(Beginning of RECORDED DATA)

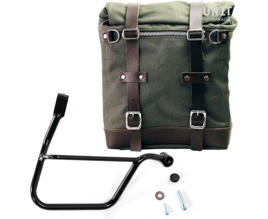 Unit Garage Canvas Side Pannier Scram 22L-30L + Right Subframe Triumph Street 900 Series (2017 until now), Green/Brown | U201+1013DX-Green-Brown
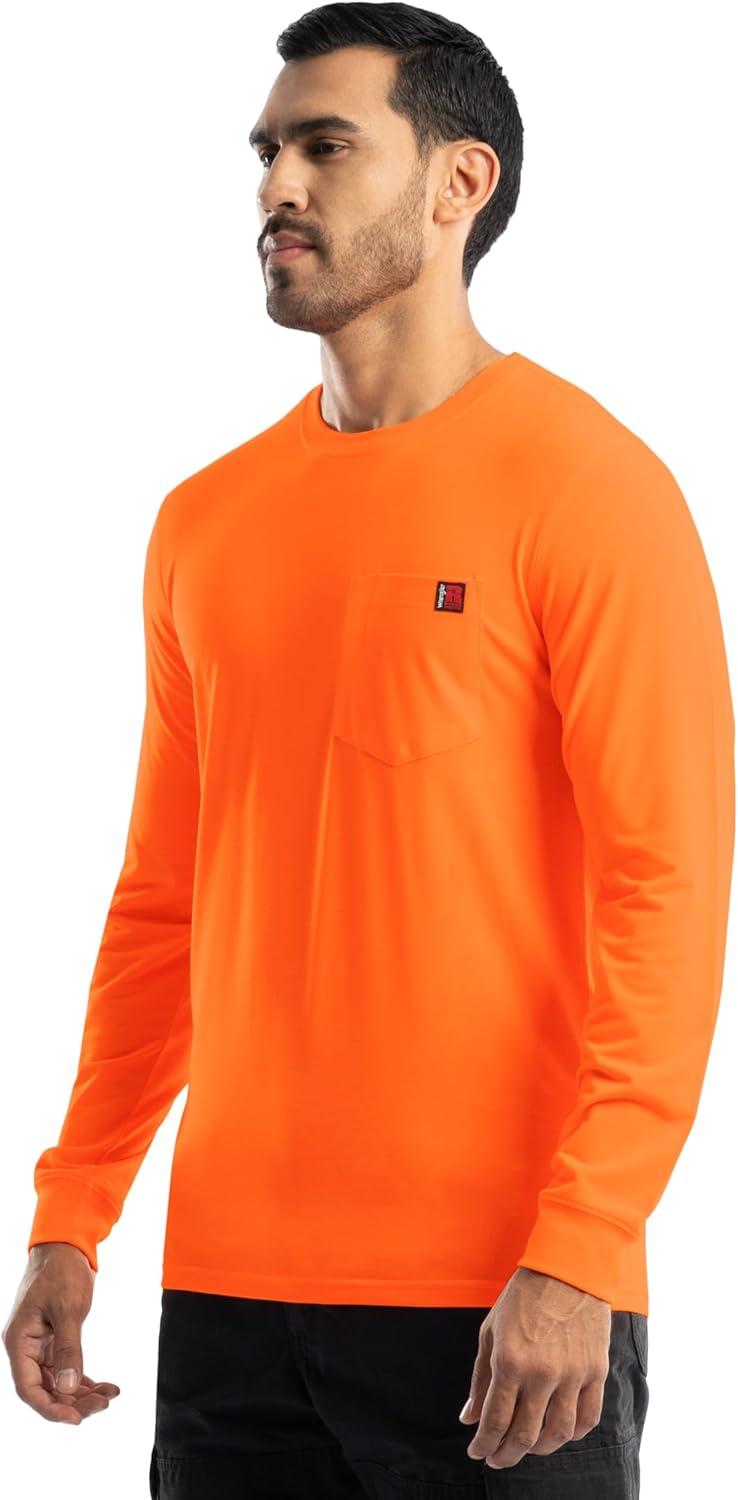 Wrangler Mens Long Sleeve Pocket T-Shirt with UPF(Orange)
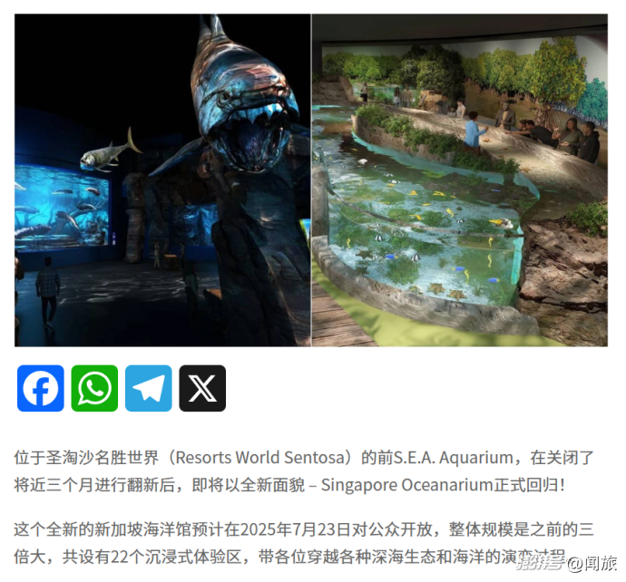 今年7月正式對外開放的新加坡海洋生態(tài)館由備受歡迎的S.E.A.海洋館升級擴建而成,將沉浸式敘事與前沿互動科技相融合。觀景焦點“廣闊海洋”展區(qū)設(shè)36米寬的觀景窗,讓游客可近距離觀看蝠鲼與斑馬鯊在水中穿梭的姿態(tài),是全館最能讓人靜下來的區(qū)域。
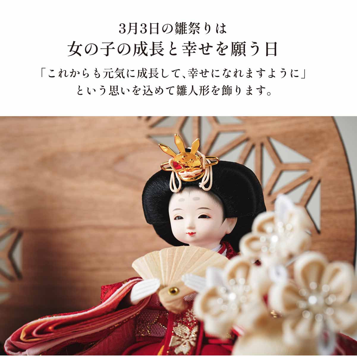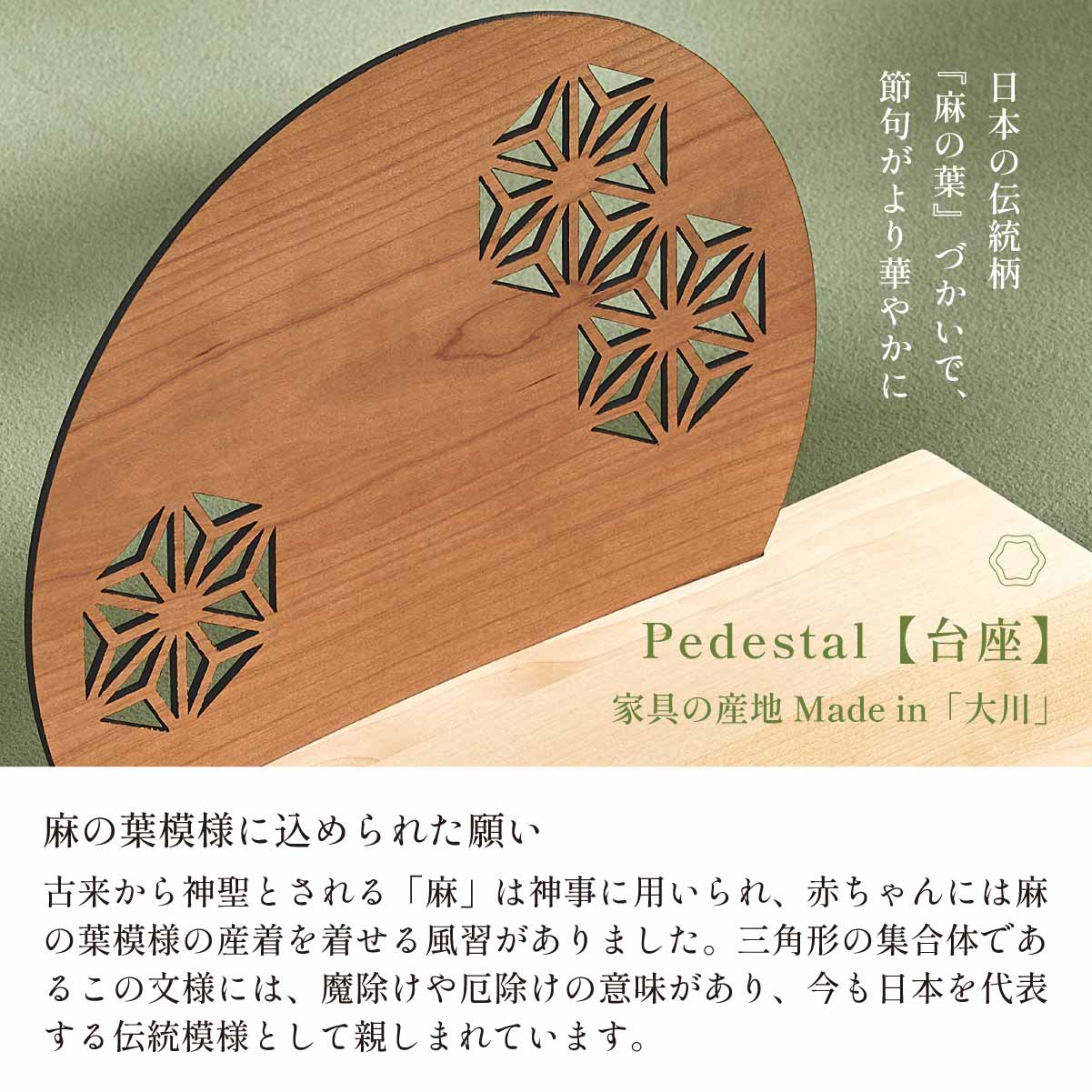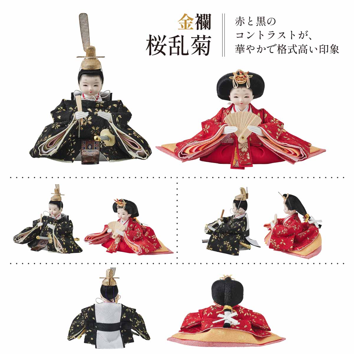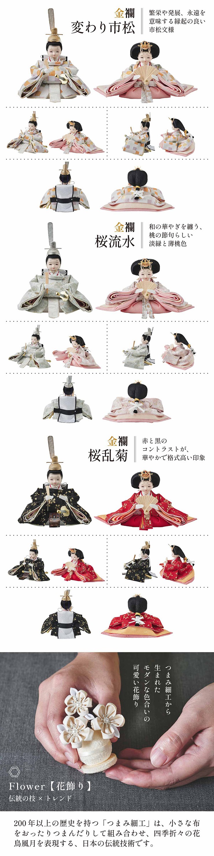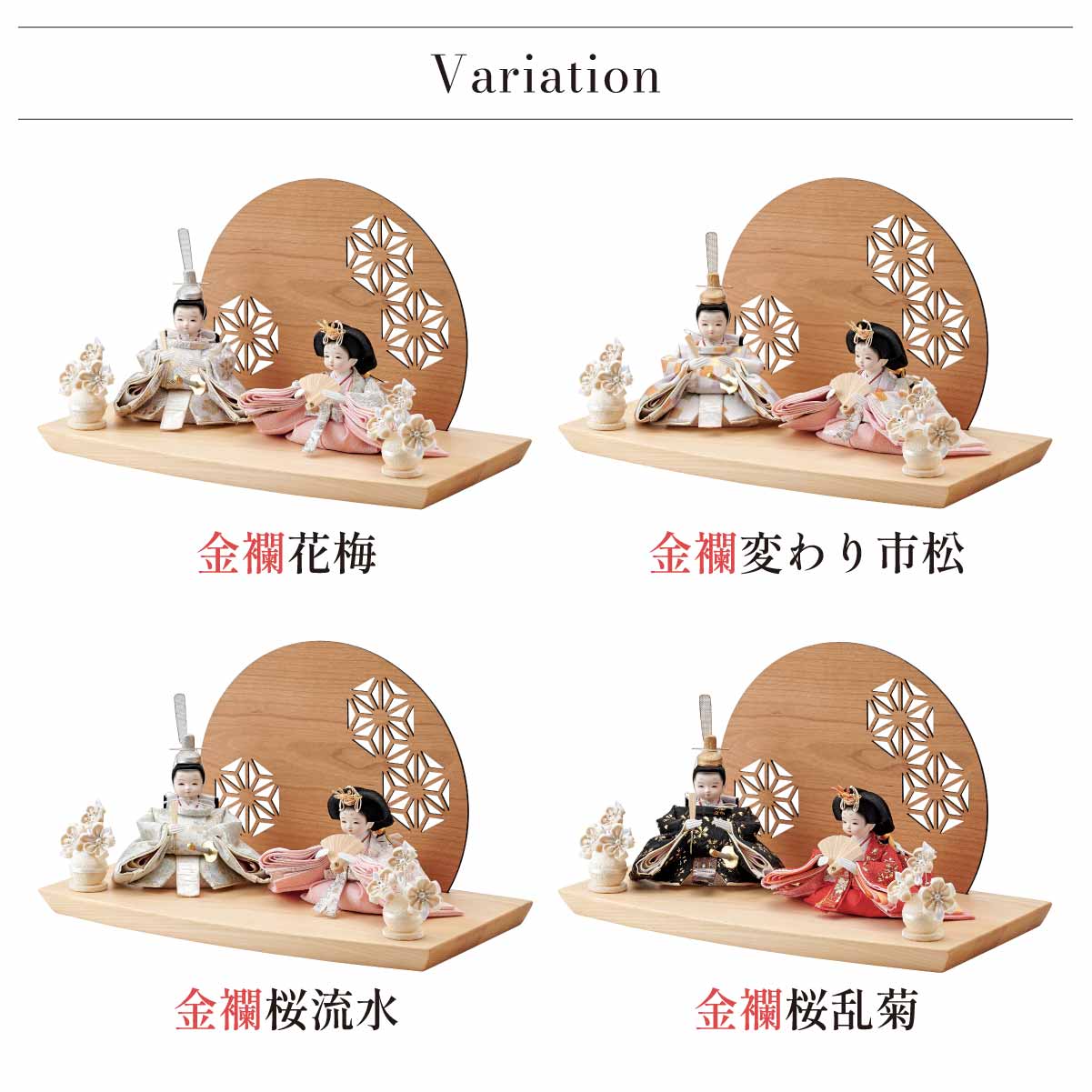| 材質・素材 | 頭(お顔):石膏・胡粉・手描き面相 胴体:藁胴 衣装:金襴(ポリエステル) 花飾り:綿・ちりめん(レーヨン)・アクリル・プラスチック 衝立付き台座:バーチ無垢集成材・アルドボスオイル(クリア)仕上げ 背面板:ブラックチェリー突板・ラッカー仕上げ |

(End of RECORDED DATA)

▶ **ASSIGNMENT**:
Please print all the lines above exactly as given and leave out every picture.

▶ **RESPONSE TO THE TASK**:
 Unit Garage Canvas Side Pannier Scram 22L-30L + Right Subframe Triumph Street 900 Series (2017 until now), Green/Brown | U201+1013DX-Green-Brown
 Wrangler Mens Long Sleeve Pocket T-Shirt with UPF(Orange)
 今年7月正式對外開放的新加坡海洋生態(tài)館由備受歡迎的S.E.A.海洋館升級擴建而成,將沉浸式敘事與前沿互動科技相融合。觀景焦點“廣闊海洋”展區(qū)設(shè)36米寬的觀景窗,讓游客可近距離觀看蝠鲼與斑馬鯊在水中穿梭的姿態(tài),是全館最能讓人靜下來的區(qū)域。
| 材質・素材 | 頭(お顔):石膏・胡粉・手描き面相 胴体:藁胴 衣装:金襴(ポリエステル) 花飾り:綿・ちりめん(レーヨン)・アクリル・プラスチック 衝立付き台座:バーチ無垢集成材・アルドボスオイル(クリア)仕上げ 背面板:ブラックチェリー突板・ラッカー仕上げ |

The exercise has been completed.